— Но… мне кажется, что это перебор…
— Знаете, какой яд они дали Любе?
— Откуда?
— Цианистый калий. Мы провели тест и проверили. А обещали, что он будет медленно убивать накопительным эффектом. Чтобы на нее никто не подумал. То есть, они разом хотели убить и меня, и ее. Ведь в случае, если бы она меня убила, широкая общественность потребовала бы ее казни. Почему мы должны это терпеть?! С какой стати?! Кто они такие, чтобы с ними обходились тактично, когда они такое творят! Мрази! Скоты!

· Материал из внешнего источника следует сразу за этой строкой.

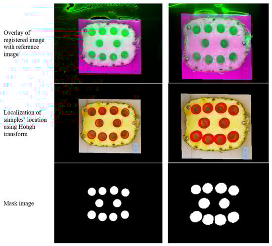 Finally, the best registration function was selected considering the lowest value of error metrics for the 60 fruit slices examined, resulting in low registration errors using the affine transformation function (Figure 2). Subsequently, the registered images were processed using the Hough transform method to extract the samples’ location on the slices, which are circular []. Since the location of the samples extracted from each fruit slice was determined in the mask image, the mean spectra of the pixels in each segmented sample was used as the spectral signature related to that sample for subsequent analysis. Image registration and mask generation were performed in MATLAB programming environment ver. R2015b (The MathWorks, Inc., Natick, MA, USA). Implementation of the mask image on hypercubes and the extraction of samples mean spectra were performed in ENVI (ver. 4.8, L3HARRIS, Melbourne, FL, USA).
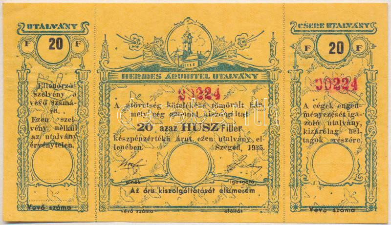 Beschreibung: Szeged 1935. 20f "Hermes" áruhitel utalvány "90224" T:I Adamo SZE37.2
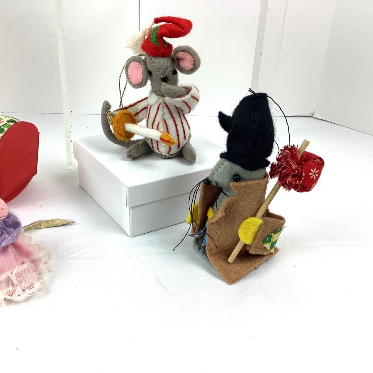 The lot contains 11 different mice ornaments 2"-3" tall.
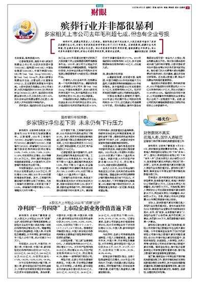 清明时节,殡葬业再度进入人们视线。据新快报记者不完全统计,A股及港股市场共7家涉及殡葬行业公司,目前已有多家赶在清明节前公布了2022年财报。记者观察到,殡葬行业毛利率高,但业绩走向却呈现分化态势。有公司连续多年营收净利双增,堪称殡葬业中的茅台;有公司多年来增收不增利;亦有公司营收净利双降,深陷诉讼泥潭。
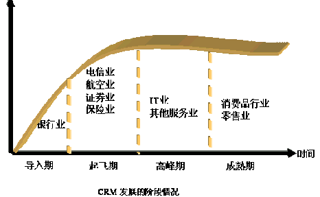 從圖中我們可以大致看出CRM的發(fā)展情況。保險(xiǎn),電信行業(yè)對(duì)這比較重視,而且得到了一定的應(yīng)用。但是在其他行業(yè)中的發(fā)展仍然比較緩慢。面對(duì)中國(guó)的龐大市場(chǎng),從CRM的發(fā)展中不難看出:會(huì)隨著經(jīng)濟(jì)的發(fā)展得到長(zhǎng)足的發(fā)展。隨著經(jīng)歷早期客戶(hù)是蒙昧期,后來(lái)是觀(guān)察期,現(xiàn)在是選擇期,CRM市場(chǎng)可能出現(xiàn)爆炸性的增長(zhǎng)。CRM本身是很好的,發(fā)展到一定階段,引導(dǎo)期已經(jīng)過(guò)了,又會(huì)發(fā)展起來(lái)。

— Михаил Васильевич, — примирительно произнес Артузов, поднимая руки. — Спокойнее. Эмоции не помогают трезво оценивать ситуацию. Спокойнее. Вы не можете себе принимать решения под эмоциями.
Фрунзе замолчал, исподлобья глядя на Артузова. И где-то через минуту произнес.
— Ты был следующий.
— Что?
— У них есть список на ликвидацию. И ты в нем — вторым номером идешь. Сразу после меня.
— Это так, — кивнул Вальтер Николаи. — Сведения не проверенные, но вполне реалистичные. Во всяком случае в свете произошедших событий. Я, кстати, двадцать девятый.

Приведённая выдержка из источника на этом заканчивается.